The bulls pulled off a great feat on Monday as they propelled the S&P 500 higher on the open and throughout the trading day onto new highs. Alas, Monday ended, Tuesday started and the bears took back price action erasing all of the work the bulls did on Monday. Throughout the remainder of the week the bulls and bears duked it out without either making any real progress. The S&P 500 finished the week up .21%.
Publicly traded markets move from trending (up or down) to non-trending (or sideways) consistently. Right now, the S&P 500 is back in the trading range that has formed since early June. Price did break to the upside, but failed and is now back in the middle of the sideways action. It seems like the bulls have a slight upper hand going into the week as the first target price of the bears was met by filling the gap in price developed by Monday’s price action. Also, a buy signal bar formed on Friday, but it is relatively weak. The bulls will want to see a strong breakout to keep their momentum moving.

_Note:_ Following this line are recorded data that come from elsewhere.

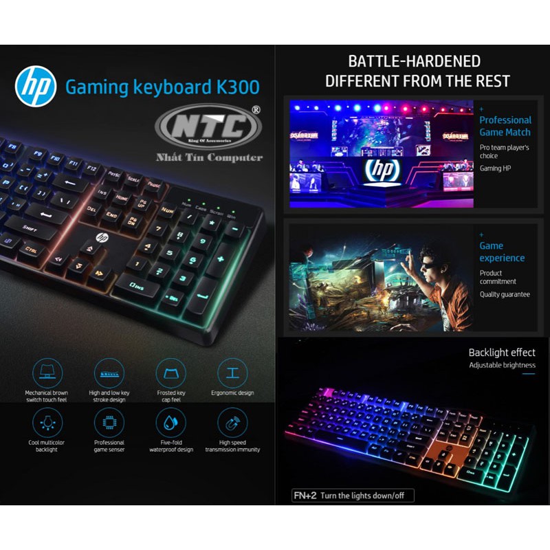 Máy tính & Laptop > Chuột & Bàn Phím > Bàn Phím Máy Tính || [Mã 253ELSALE hoàn 7% đơn 300K] Bàn phím giả cơ HP K300 led đa màu-phím cao chống nước, bấm cực êmCòn hàng
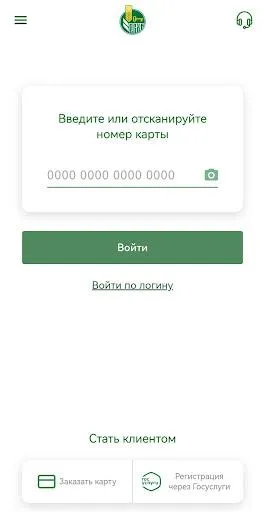 1. Откройте мобильный банк, укажите номер карты (можно отсканировать) либо нажмите «Войти по логину»/«Регистрация через Госуслуги»;
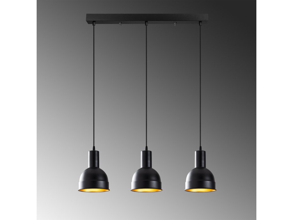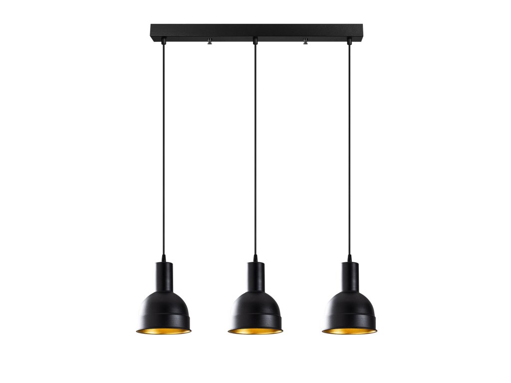 Černý lustr BERCESTE je tvořen podlouhlou základnou, ze které visí tři elegantní stínítka, jejichž zlatý vnitřek umocňuje efekt teplého světla.

We have a couple different things going on when it comes to breadth. First is with regards to the longer-term breadth. The big picture breadth (defined by the red and green lines) is basically neutral since breadth and price are in line.
Secondly, in the weeds of breadth we find that there is a positive reversal from the beginning of June (labeled as a nested positive reversal). These first item speaks to neutrality while a positive reversal is deemed as bullish for future price action.
The major economic news for this week are the US GDP numbers for release on Thursday at 7:30 a.m. CST. They are expected to remain unchanged at a 1.2% annualized rate of growth.
The long-term trend of the S&P 500 is still higher while the shorter-term is flat. Since a buy signal bar was formed on Friday, the trigger bar has a chance to be formed on Monday. There is still resistance around the 2450 range and support at the 2430 range. We will be watching to see how price behaves at these levels.